Around 150 CE Buddhist missionary monks established a translation center at the Han Dynasty capital Loyang, and from the work done there two movements arose, the Dhyana and the Prajna. The first was based on Theravada Buddhist texts on meditation (Skt. dhyana) and breathing techniques. Although customarily called the Dhyana School, it is more properly thought of as a sustained engagement on the part of the Chinese, indulged by the translators, with the theoretical and practical details of Buddhist meditation. The Chinese were greatly interested in these techniques, primarily because of the similarities between them and the practices taught by their own indigenous religion, Taoism. The Prajna, or Wisdom, School, again not a single institution, constituted the other major trend in Han Buddhism. This movement focused on the Prajnaparamita Sutras, or Perfection of Wisdom Scriptures, of Mahayana Buddhism. These were predominantly philosophical works primarily concerned with expounding the doctrine that the ultimate nature of reality is "empty" (Skt. sunyata; Ch. kung) of any independent existence. These texts caught the attention of the Chinese, again partly because of similarities with their own inheritance, this time with the philosophies of the Taoists Lao-tzu and Chuang-tzu.
In 220 CE the Han Dynasty fell and the country fragmented into three mutually antagonistic states. A brief period of unity followed under the Western Chin (265-317 CE) before non-Chinese tribes overran the north, causing many educated Chinese to flee south. Thus began a nearly three hundred-year division of China into a north ruled by non-Chinese, and a south, ruled by the Chinese themselves.
This prolonged period of strife and disunity, so trying for the populace, proved to be of benefit to the new religion. During the Han Dynasty Buddhism had made only limited progress, and the numbers of converts made, and monasteries built, were relatively small. One of the reasons for this was that several features of Buddhism were inimical to the dominant Confucian ideology. When the Confucian Han fell therefore, the doors of opportunity opened for Buddhism, which itself offered more to the ordinary people than did Confucianism? It taught that a better life, and ultimately salvation, were possible for everyone, and provided the means to attain these things: meditation, moral discipline productive of good karma, and, most appealing of all, kind and compassionate deities - the Buddha Amitabha and Bodhisattvas such as Maitreya. Also attractive were Buddhism’s festivals and rituals, as indeed were its monasteries, which were places of refuge for many during the troubled times. To the intellectuals it offered a more developed religious philosophy than that of Taoism, and, perhaps most important of all, to the state it represented a force for order and peace.
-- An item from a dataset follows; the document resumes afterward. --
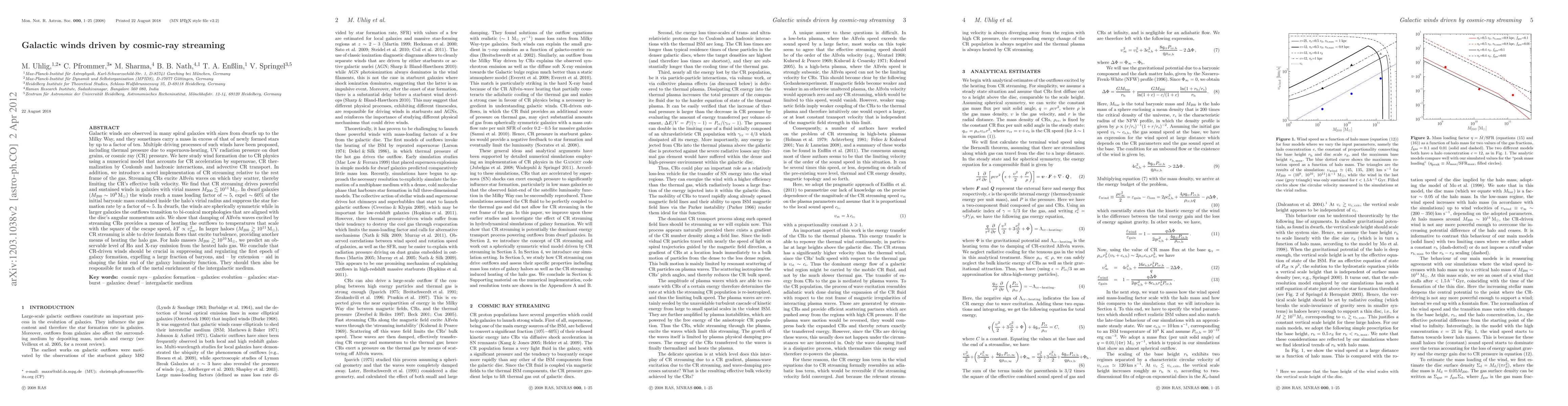 This paper explores galactic winds driven by cosmic-ray streaming in spiral galaxies, finding that cosmic rays can drive powerful winds in galaxies with virial masses below 10^11 Msun. In dwarf galaxies, these winds expel a significant fraction of baryonic mass and suppress star formation, while in larger galaxies, they transition to bi-conical outflows aligned with the disc's angular momentum axis.

Today, the richness and diversity of the Tang Buddhist Schools has gone, and of these Schools only the Ch'an and Ching-t'u prevail in strength. In monasteries both Ch'an and Ching-t'u practices are performed, sometimes in a combined form, and, with a few exceptions, all monks belong to one of the two Ch’an lineages. However, the philosophical Schools are preserved in the notion of doctrinal traditions, and a monk may recount the doctrine he has received as being that of the T'ien-t'ai, Hua-yen, or Fa-hsiang. In a similar way, the Lu School persists as the monks’disciplinary tradition.